Japan’s ongoing affinity for Osim is unusual given his short tenure as manager. He would almost certainly have become a footnote to Japanese soccer if not for the deeply philosophical view he brought to the sport and life. It manifested itself in the steely looks he was known for, the concern he showed for his players and others, and his broad-minded nature. It formed the very backbone of who he was as a person and won him deep respect in Japan.

Osim expressed his views with insightful and often sharp comments. When pushed to remark on a player who had suffered a pulled muscle during a match, he quipped, “Does a hare strain a muscle when chased by a lion? The player should’ve warmed up better.” Another time he offered a distinct take on a lackluster performance by Japan, comparing the game to a meal that “lacked meat or fish or anything you might call a main dish.”

While he offered biting criticisms of the team, Osim also showed deep concern for staff and players. “As manager, I must weigh the consequences of my decisions,” he reflected. “When I take someone out of the starting lineup or have to cut a person from the team, I have to keep in mind how this will impact the livelihood of the player and his family.”

Osim also kept fans close to his heart. He saw them as the very reason why professional soccer exists in the first place, and he considered it his responsibility to build a team that lived up to their expectations.

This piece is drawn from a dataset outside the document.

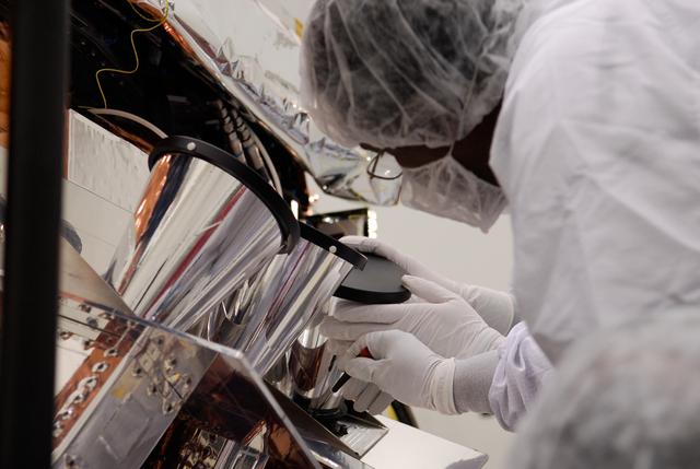 CAPE CANAVERAL, Fla. -- At the Astrotech payload processing facility in Titusville, Fla., a worker adjusts the star tracker sun shade installed on NASA's Gamma-ray Large Area Space Telescope, or GLAST, spacecraft. The GLAST is a powerful space observatory that will explore the Universe's ultimate frontier, where nature harnesses forces and energies far beyond anything possible on Earth; probe some of science's deepest questions, such as what our Universe is made of, and search for new laws of physics; explain how black holes accelerate jets of material to nearly light speed; and help crack the mystery of stupendously powerful explosions known as gamma-ray bursts. A launch date is still to be determined. Photo credit: NASA/Kim Shiflett

People gather at the cemetery during Osim’s funeral to say their farewells. (Courtesy of the author)
People gather at the cemetery during Osim’s funeral to say their farewells. (Courtesy of the author)

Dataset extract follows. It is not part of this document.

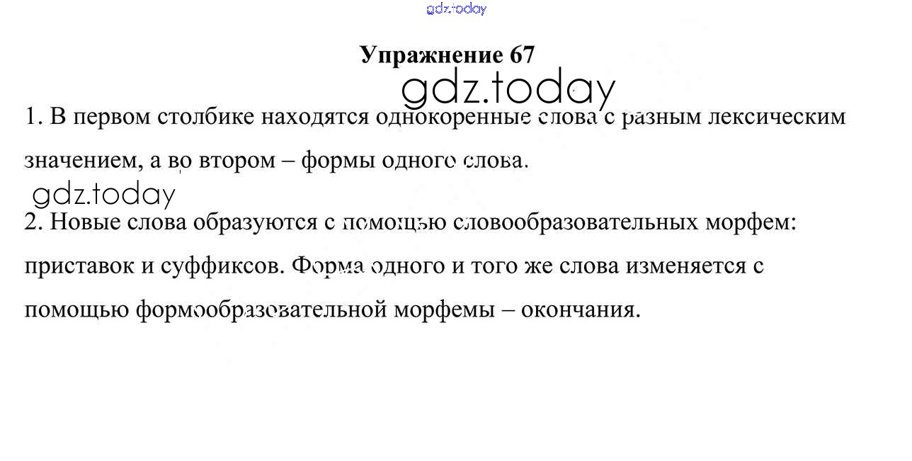 На страницах сайта gdz.today вы найдете учебный и вспомогательный материал, направленный на улучшения знаний школьной программы. ГДЗ - онлайн мир знаний Решение к упражнениям 67 Учебнику по Русскому языку для 6 класса Мурина, Литвинко Национальный институт образования 2020

Even after Osim left Japan, the country remained dear to him. Japanese were moved by his words of encouragement following the Great East Japan Earthquake in 2011. “Now is a time for strength and solidarity,” he said in a short, powerful message that reflected his own experience with calamity. Osim knew what it was to have his home torn apart. He had spent over two years in Athens, Greece, during the Bosnian War (1992–95) and other conflicts that followed the breakup of Yugoslavia combing the airwaves at night with an amateur radio in search of the whereabouts of family members caught up in the strife.

“I wanted to be of service to people,” reflected Osim following Japan’s triple disaster. “I wasn’t sure how to go about this because of my health, but having lived through a catastrophe myself, I wanted to show support and impress on victims that they weren’t alone.” He expressed the need for communities to come together during troubled times. “To overcome difficulties, whether the result of accident and illness or earthquake and tsunami, people need to band together.”

In his message, Osim stressed to survivors that things would improve. “While the scars of the earthquake will remain, it’s possible to rebuild and live normally again.”

At 191 centimeters tall, Osim had an intimidating presence that was made all the more daunting by his penetrating gaze. To many he embodied the traits of the traditional Japanese patriarch, his tough words and hard exterior barely hiding a deeply compassionate heart. Osim, may you rest in peace.

Ivica OSIM

Born in 1941 in Sarajevo in the former Yugoslavia (now Bosnia and Herzegovina). As a member of the Yugoslavia national soccer team, he participated in the 1964 Tokyo Olympics and helped the team to a second-place finish at UEFA Euro 1968, winning selection to the Team of the Tournament. Appointed manager of Yugoslavia in 1986 and led the team to the quarterfinals of the 1990 FIFA World Cup. Took over as manager of JEF United Ichihara in January 2003. Won the 2005 J. League Cup. Appointed manager of the Japanese national team in July 2006, posting a record of 12 wins, 3 losses, and 5 draws before stepping down in November 2007 after suffering a stroke. In 2011 he become president of the committee overseeing the Football Association of Bosnia and Herzegovina and worked to lift the country’s suspension from international competition. In 2016, received the Order of the Rising Sun, Gold Rays with Rosette from the Japanese government. Died at his home in Graz, Austria, on May 1, 2022.